▶ [Data in this exercise]

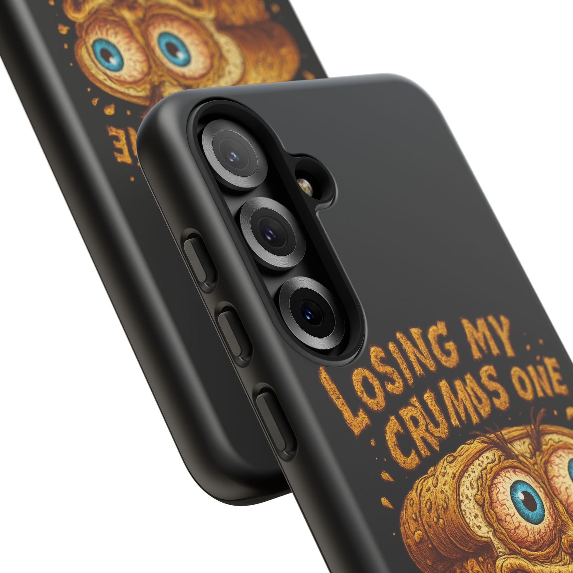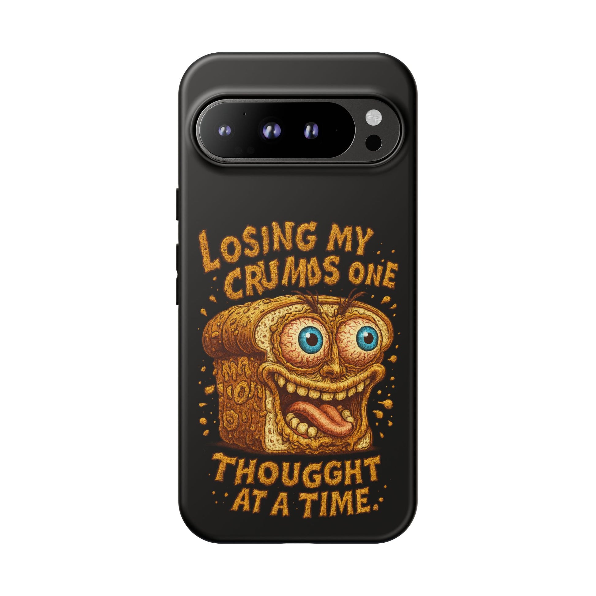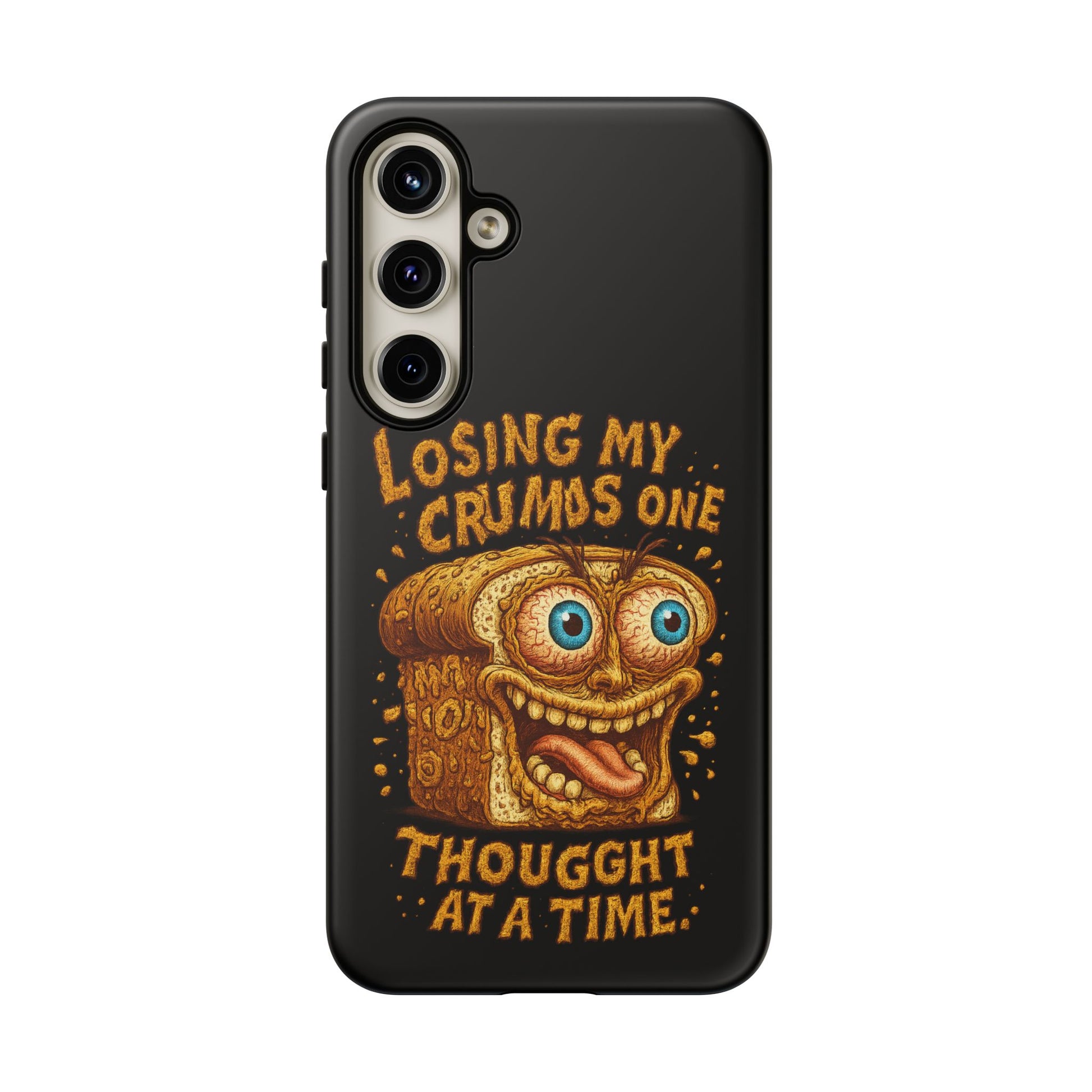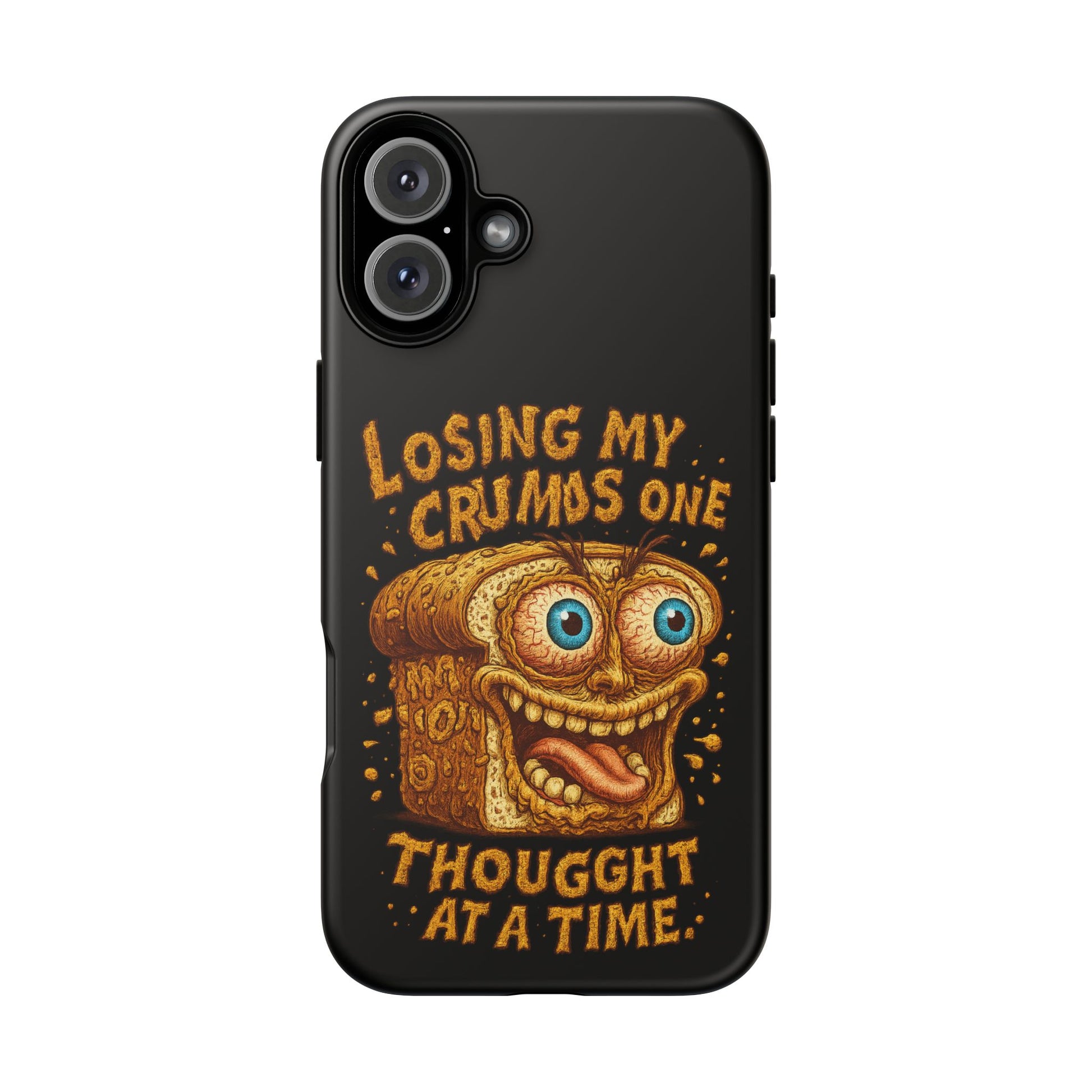 A rugged, personality-packed phone case that keeps your device safe while showing off a cheeky, snack-fueled sense of humor. The bold illustrated toast character and hand-lettered line “Losing my crumbs one thought at a time” sit in full-color wrap across a gloss or matte background. Dual-layer construction (polycarbonate shell + TPU silicone liner) so drops and knocks are absorbed, while clear port openings keep your phone fully accessible. Designed for everyday wear — from commuting to coffee runs — it brings durable protection with a playful edge for anyone who likes their accessories equal parts sturdy and silly.
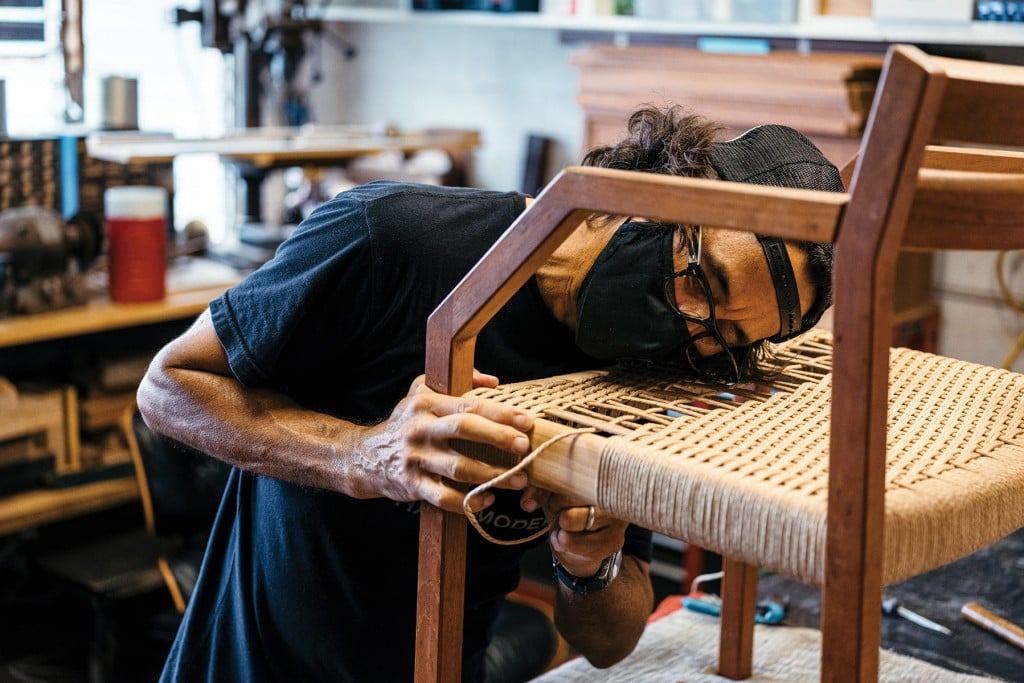 John Reyno re-weaves the seat using Danish paper cord on a 40-year-old Niels Møller dining chair, one of eight belonging to a client.
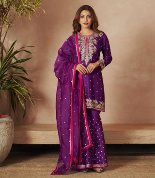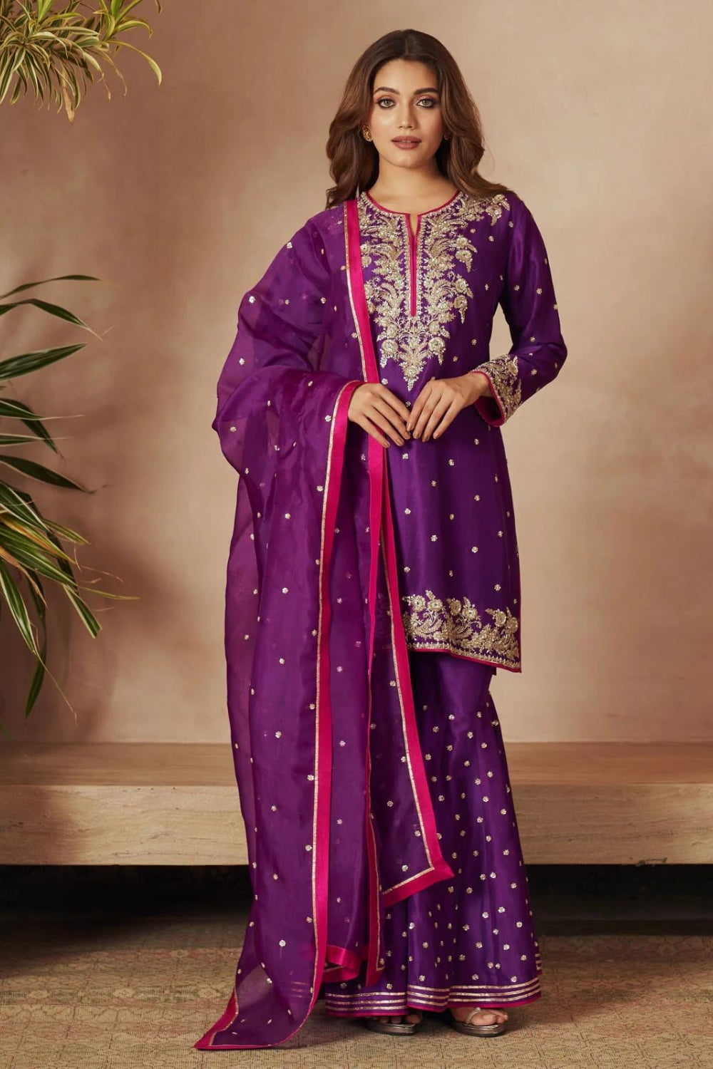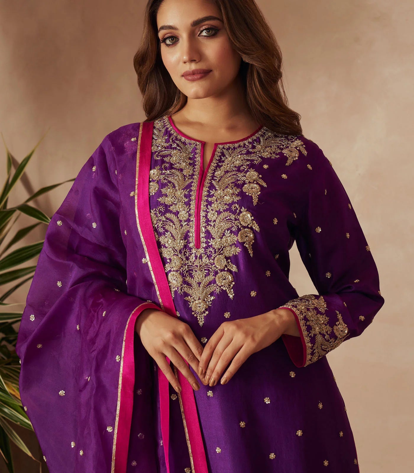 ORANGE DUPION SILK ZARDOZI EMBROIDERED "ASTRA" KURTA PAIRED WITH COTTON SILK PANTS AND ORGANZA CHITTA DUPATTA
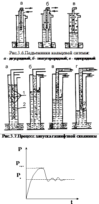 По мере нагнетания газа увеличивается разность уровней и возрастает давление заканчиваемого газа. На рис.3.8 приведена кривая изменения давления нагнетательного газа в зависимости от времени при пуске скважины.
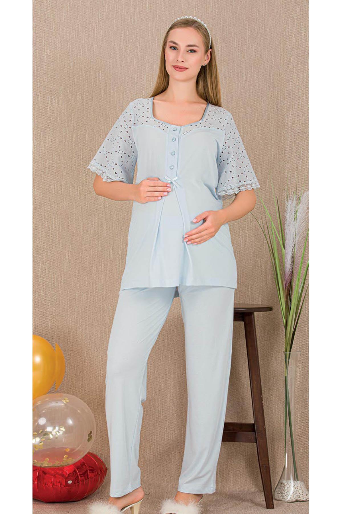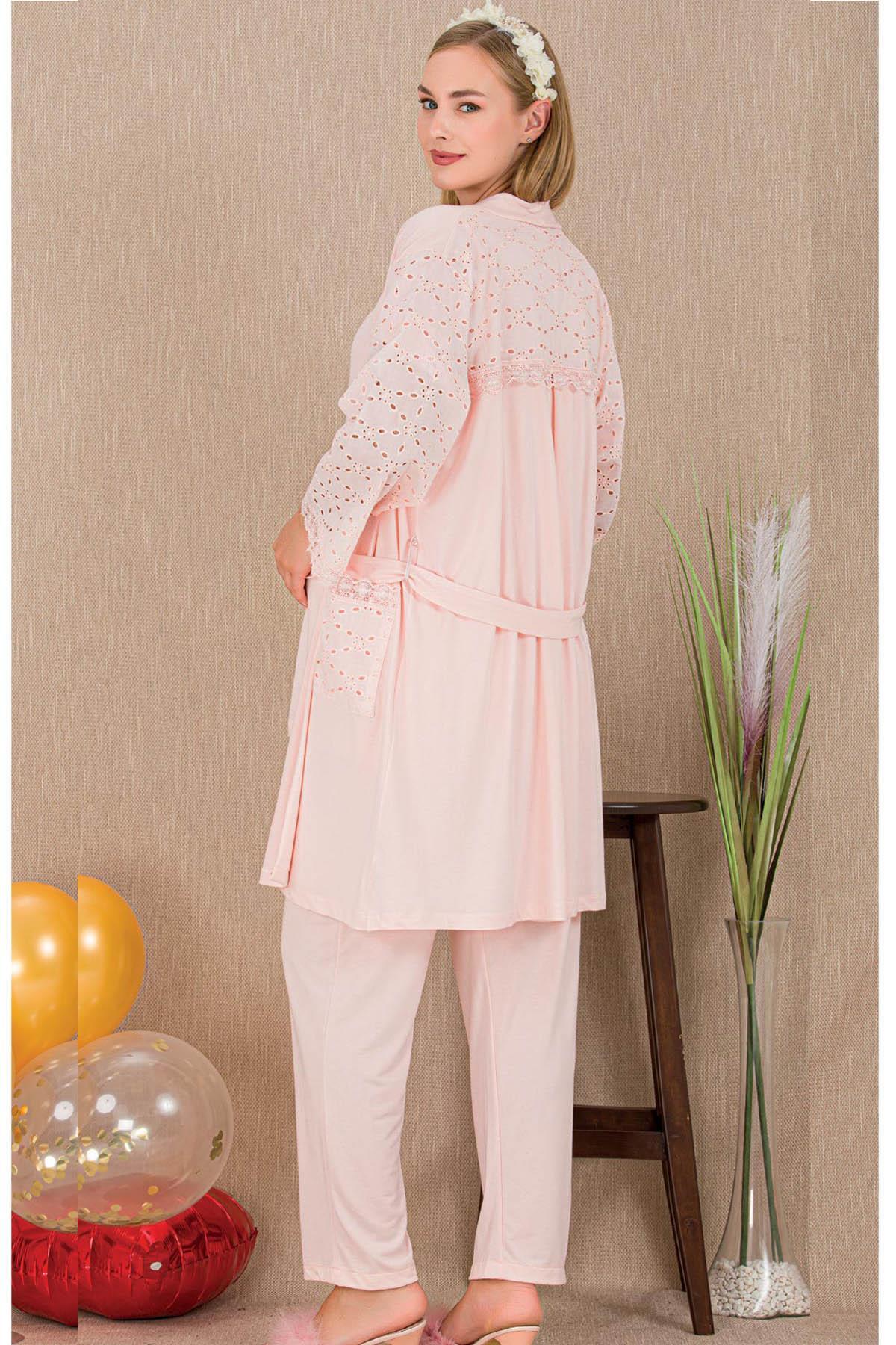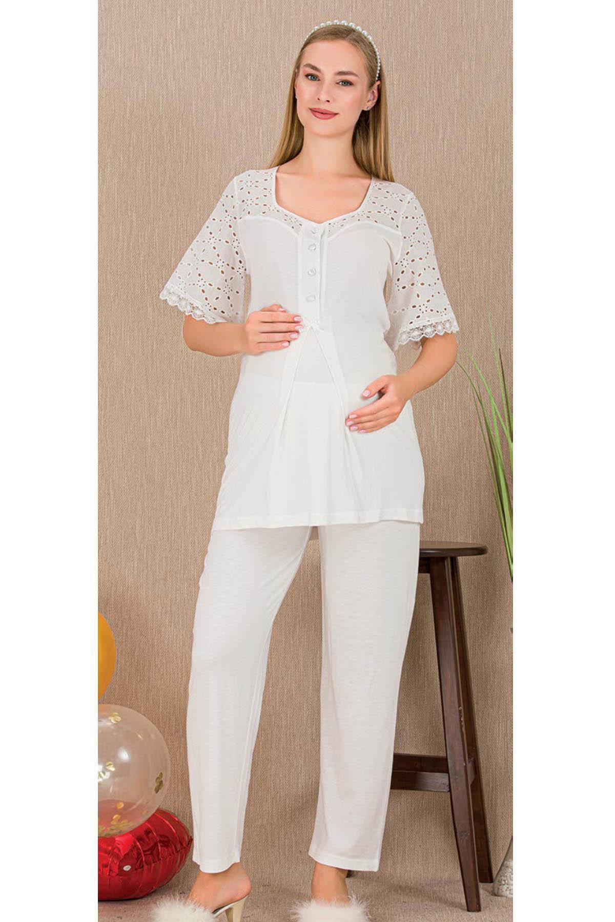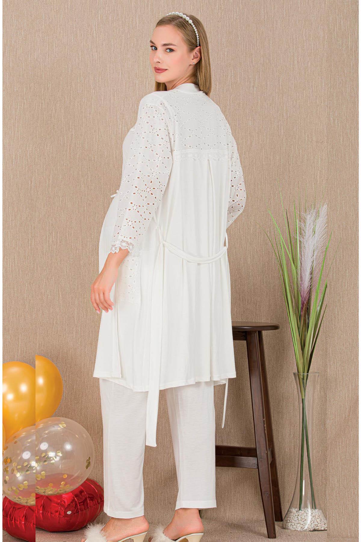 Kadın Güpür Detay 3'lü Hamile Lohusa Pijama Takım, Hamile Lohusa Sabahlık ve Pijama Takımı
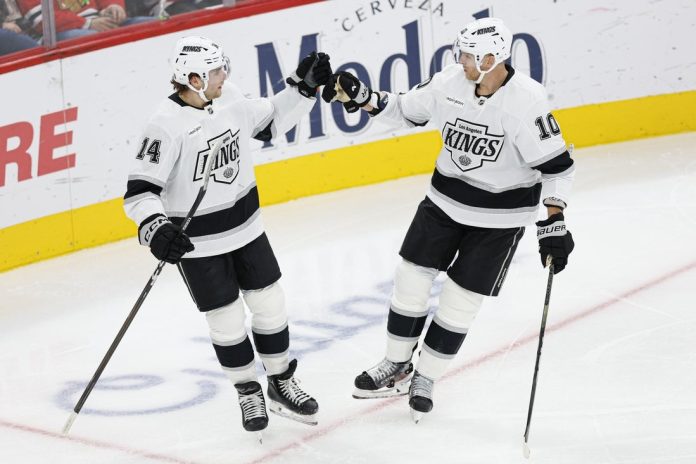 Chicago took a 1-0 lead at 7:04 of the first period after Ilya Mikheyev stole the puck from Kings forward Alex Turcotte along the wall in the neutral zone, leading to an odd-man rush the other way.
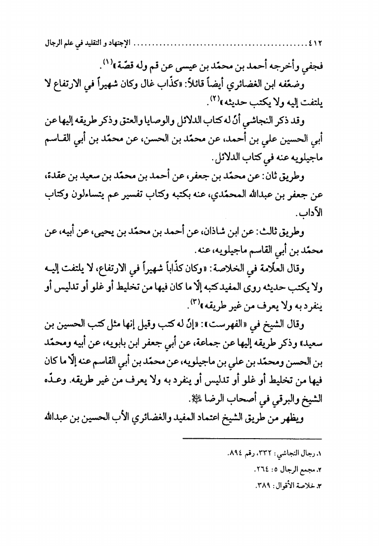 نام کتاب : الإجتهاد والتقليد في علم الرجال، وأثره في التراث العقائدي، دراسة نقدية لمدرسة النجاشي نویسنده : الشيخ محمد السند البحراني جلد : 1 صفحه : 412
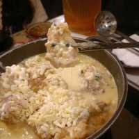 Today I ate this famous cheese chicken pot specialist with my friends for a long time. When I think of cheese chicken pot, I think of this 'Don't Go Chicken'. Golden Cheese Chicken Pot (Small) $208 Super rich cheese chicken pot can request the portion of ingredients know how to order of course to order intense cheese 😆 d cheese really melted in the chicken enough seasoning two people actually just eat the chicken pot is full 70% 🫣 regret still order so much Freshly made five platter dumplings (half portion) $63 Spinach Pork Dumplings, Leek Dumplings, Fresh Shrimp Wontons, Wagyu Beef Dumplings, Phoenix Dumplings Each dumpling is a dumpling with real meat or vegetables Hand-beaten Five Treasures Platter (Half) $63 Beef balls, pork balls, catfish balls, squid balls, shrimp balls are all hand-made Fresh fried crackers (half portion) $32 This scallion is really a world-class large portion. The crust is thick and fried very crispy. The cheese soup is very absorbent after dipping. It is the best Five spice fresh beef $98 Unexpectedly large portions but also super tender and also itself seems to be seasoned with sesame oil smooth quite heavy taste! Worth eating! Sugarcane Licorice $78 When having hot pot, you must use sugarcane and grass root to relieve the heat Overall the taste quality is quite good especially cheese lovers really have to come try another sauce fee of $ 18 per person however ordered cheese chicken pot and cheese soup are basically no sauce #Riceless Chicken Deluxe 📍3/F, Jardine Centre, 50 Jardine Street, Causeway Bay #mroolong #foodieoolong #foodie #hkig #hkfoodie #hkfoodstagram #hkfoodblogger #hkfood #foodielife #foodiehk #life #foodiegram #foodpic #travelhk #chicken #cheese #Hong Kong Food #Causeway Bay Food #Cheese Chicken Pot #Causeway Bay Chicken Pot #Camera Eat First
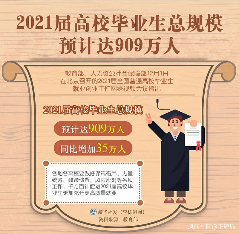 根據教育部公佈的數據顯示:2021屆高校畢業生總規模高達909萬人,同比增加35萬人,再創歷史新高。

▶ [Exercise] All the lines above should be reproduced exactly, and none of the pictures.

▶ [Written response]
 A rugged, personality-packed phone case that keeps your device safe while showing off a cheeky, snack-fueled sense of humor. The bold illustrated toast character and hand-lettered line “Losing my crumbs one thought at a time” sit in full-color wrap across a gloss or matte background. Dual-layer construction (polycarbonate shell + TPU silicone liner) so drops and knocks are absorbed, while clear port openings keep your phone fully accessible. Designed for everyday wear — from commuting to coffee runs — it brings durable protection with a playful edge for anyone who likes their accessories equal parts sturdy and silly.
 John Reyno re-weaves the seat using Danish paper cord on a 40-year-old Niels Møller dining chair, one of eight belonging to a client.
 ORANGE DUPION SILK ZARDOZI EMBROIDERED "ASTRA" KURTA PAIRED WITH COTTON SILK PANTS AND ORGANZA CHITTA DUPATTA
 По мере нагнетания газа увеличивается разность уровней и возрастает давление заканчиваемого газа. На рис.3.8 приведена кривая изменения давления нагнетательного газа в зависимости от времени при пуске скважины.
 Kadın Güpür Detay 3'lü Hamile Lohusa Pijama Takım, Hamile Lohusa Sabahlık ve Pijama Takımı
 Chicago took a 1-0 lead at 7:04 of the first period after Ilya Mikheyev stole the puck from Kings forward Alex Turcotte along the wall in the neutral zone, leading to an odd-man rush the other way.
 نام کتاب : الإجتهاد والتقليد في علم الرجال، وأثره في التراث العقائدي، دراسة نقدية لمدرسة النجاشي نویسنده : الشيخ محمد السند البحراني جلد : 1 صفحه : 412
 Today I ate this famous cheese chicken pot specialist with my friends for a long time. When I think of cheese chicken pot, I think of this 'Don't Go Chicken'. Golden Cheese Chicken Pot (Small) $208 Super rich cheese chicken pot can request the portion of ingredients know how to order of course to order intense cheese 😆 d cheese really melted in the chicken enough seasoning two people actually just eat the chicken pot is full 70% 🫣 regret still order so much Freshly made five platter dumplings (half portion) $63 Spinach Pork Dumplings, Leek Dumplings, Fresh Shrimp Wontons, Wagyu Beef Dumplings, Phoenix Dumplings Each dumpling is a dumpling with real meat or vegetables Hand-beaten Five Treasures Platter (Half) $63 Beef balls, pork balls, catfish balls, squid balls, shrimp balls are all hand-made Fresh fried crackers (half portion) $32 This scallion is really a world-class large portion. The crust is thick and fried very crispy. The cheese soup is very absorbent after dipping. It is the best Five spice fresh beef $98 Unexpectedly large portions but also super tender and also itself seems to be seasoned with sesame oil smooth quite heavy taste! Worth eating! Sugarcane Licorice $78 When having hot pot, you must use sugarcane and grass root to relieve the heat Overall the taste quality is quite good especially cheese lovers really have to come try another sauce fee of $ 18 per person however ordered cheese chicken pot and cheese soup are basically no sauce #Riceless Chicken Deluxe 📍3/F, Jardine Centre, 50 Jardine Street, Causeway Bay #mroolong #foodieoolong #foodie #hkig #hkfoodie #hkfoodstagram #hkfoodblogger #hkfood #foodielife #foodiehk #life #foodiegram #foodpic #travelhk #chicken #cheese #Hong Kong Food #Causeway Bay Food #Cheese Chicken Pot #Causeway Bay Chicken Pot #Camera Eat First
 根據教育部公佈的數據顯示:2021屆高校畢業生總規模高達909萬人,同比增加35萬人,再創歷史新高。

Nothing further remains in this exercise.